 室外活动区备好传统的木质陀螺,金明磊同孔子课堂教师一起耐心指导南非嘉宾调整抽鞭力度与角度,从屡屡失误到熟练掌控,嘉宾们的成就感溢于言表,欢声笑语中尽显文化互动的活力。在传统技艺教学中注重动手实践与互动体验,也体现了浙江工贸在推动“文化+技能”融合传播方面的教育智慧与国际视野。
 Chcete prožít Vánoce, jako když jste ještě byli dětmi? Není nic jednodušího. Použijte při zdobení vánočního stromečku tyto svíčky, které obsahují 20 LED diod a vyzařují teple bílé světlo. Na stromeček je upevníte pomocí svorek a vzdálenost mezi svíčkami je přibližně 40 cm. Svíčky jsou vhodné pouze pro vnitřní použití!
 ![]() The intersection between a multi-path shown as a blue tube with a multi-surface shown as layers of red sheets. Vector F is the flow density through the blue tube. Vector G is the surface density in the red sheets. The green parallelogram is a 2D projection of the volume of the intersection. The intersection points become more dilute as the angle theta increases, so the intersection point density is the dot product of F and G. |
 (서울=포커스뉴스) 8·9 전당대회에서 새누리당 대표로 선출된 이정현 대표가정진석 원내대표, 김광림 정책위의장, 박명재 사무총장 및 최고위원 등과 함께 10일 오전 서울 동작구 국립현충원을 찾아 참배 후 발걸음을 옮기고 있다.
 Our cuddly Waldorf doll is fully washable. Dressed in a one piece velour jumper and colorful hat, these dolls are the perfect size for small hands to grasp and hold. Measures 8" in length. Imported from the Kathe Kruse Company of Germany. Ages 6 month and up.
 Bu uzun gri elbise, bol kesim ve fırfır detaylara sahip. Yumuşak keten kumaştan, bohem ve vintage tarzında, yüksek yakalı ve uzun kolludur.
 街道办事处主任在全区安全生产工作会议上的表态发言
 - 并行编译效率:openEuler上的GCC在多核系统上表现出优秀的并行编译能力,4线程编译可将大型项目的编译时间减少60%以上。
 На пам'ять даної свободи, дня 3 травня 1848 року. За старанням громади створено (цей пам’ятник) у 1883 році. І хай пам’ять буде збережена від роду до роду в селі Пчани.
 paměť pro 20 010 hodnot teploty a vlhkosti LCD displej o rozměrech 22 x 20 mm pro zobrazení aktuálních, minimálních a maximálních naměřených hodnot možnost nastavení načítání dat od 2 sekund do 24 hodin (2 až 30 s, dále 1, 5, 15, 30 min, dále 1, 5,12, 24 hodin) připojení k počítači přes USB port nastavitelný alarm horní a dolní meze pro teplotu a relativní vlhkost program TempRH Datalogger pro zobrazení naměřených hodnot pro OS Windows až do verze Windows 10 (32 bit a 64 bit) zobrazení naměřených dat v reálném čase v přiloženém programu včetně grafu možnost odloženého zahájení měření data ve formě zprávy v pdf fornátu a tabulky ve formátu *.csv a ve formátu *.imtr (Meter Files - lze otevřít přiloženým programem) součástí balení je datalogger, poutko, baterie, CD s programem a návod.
========
TASK INSTRUCTIONS:
Every line of the material must be returned exactly as it appears.

EXERCISE RESPONSE:
 室外活动区备好传统的木质陀螺,金明磊同孔子课堂教师一起耐心指导南非嘉宾调整抽鞭力度与角度,从屡屡失误到熟练掌控,嘉宾们的成就感溢于言表,欢声笑语中尽显文化互动的活力。在传统技艺教学中注重动手实践与互动体验,也体现了浙江工贸在推动“文化+技能”融合传播方面的教育智慧与国际视野。
 Chcete prožít Vánoce, jako když jste ještě byli dětmi? Není nic jednodušího. Použijte při zdobení vánočního stromečku tyto svíčky, které obsahují 20 LED diod a vyzařují teple bílé světlo. Na stromeček je upevníte pomocí svorek a vzdálenost mezi svíčkami je přibližně 40 cm. Svíčky jsou vhodné pouze pro vnitřní použití!
 ![]() The intersection between a multi-path shown as a blue tube with a multi-surface shown as layers of red sheets. Vector F is the flow density through the blue tube. Vector G is the surface density in the red sheets. The green parallelogram is a 2D projection of the volume of the intersection. The intersection points become more dilute as the angle theta increases, so the intersection point density is the dot product of F and G. |
 (서울=포커스뉴스) 8·9 전당대회에서 새누리당 대표로 선출된 이정현 대표가정진석 원내대표, 김광림 정책위의장, 박명재 사무총장 및 최고위원 등과 함께 10일 오전 서울 동작구 국립현충원을 찾아 참배 후 발걸음을 옮기고 있다.
 Our cuddly Waldorf doll is fully washable. Dressed in a one piece velour jumper and colorful hat, these dolls are the perfect size for small hands to grasp and hold. Measures 8" in length. Imported from the Kathe Kruse Company of Germany. Ages 6 month and up.
 Bu uzun gri elbise, bol kesim ve fırfır detaylara sahip. Yumuşak keten kumaştan, bohem ve vintage tarzında, yüksek yakalı ve uzun kolludur.
 街道办事处主任在全区安全生产工作会议上的表态发言
 - 并行编译效率:openEuler上的GCC在多核系统上表现出优秀的并行编译能力,4线程编译可将大型项目的编译时间减少60%以上。
 На пам'ять даної свободи, дня 3 травня 1848 року. За старанням громади створено (цей пам’ятник) у 1883 році. І хай пам’ять буде збережена від роду до роду в селі Пчани.
 paměť pro 20 010 hodnot teploty a vlhkosti LCD displej o rozměrech 22 x 20 mm pro zobrazení aktuálních, minimálních a maximálních naměřených hodnot možnost nastavení načítání dat od 2 sekund do 24 hodin (2 až 30 s, dále 1, 5, 15, 30 min, dále 1, 5,12, 24 hodin) připojení k počítači přes USB port nastavitelný alarm horní a dolní meze pro teplotu a relativní vlhkost program TempRH Datalogger pro zobrazení naměřených hodnot pro OS Windows až do verze Windows 10 (32 bit a 64 bit) zobrazení naměřených dat v reálném čase v přiloženém programu včetně grafu možnost odloženého zahájení měření data ve formě zprávy v pdf fornátu a tabulky ve formátu *.csv a ve formátu *.imtr (Meter Files - lze otevřít přiloženým programem) součástí balení je datalogger, poutko, baterie, CD s programem a návod.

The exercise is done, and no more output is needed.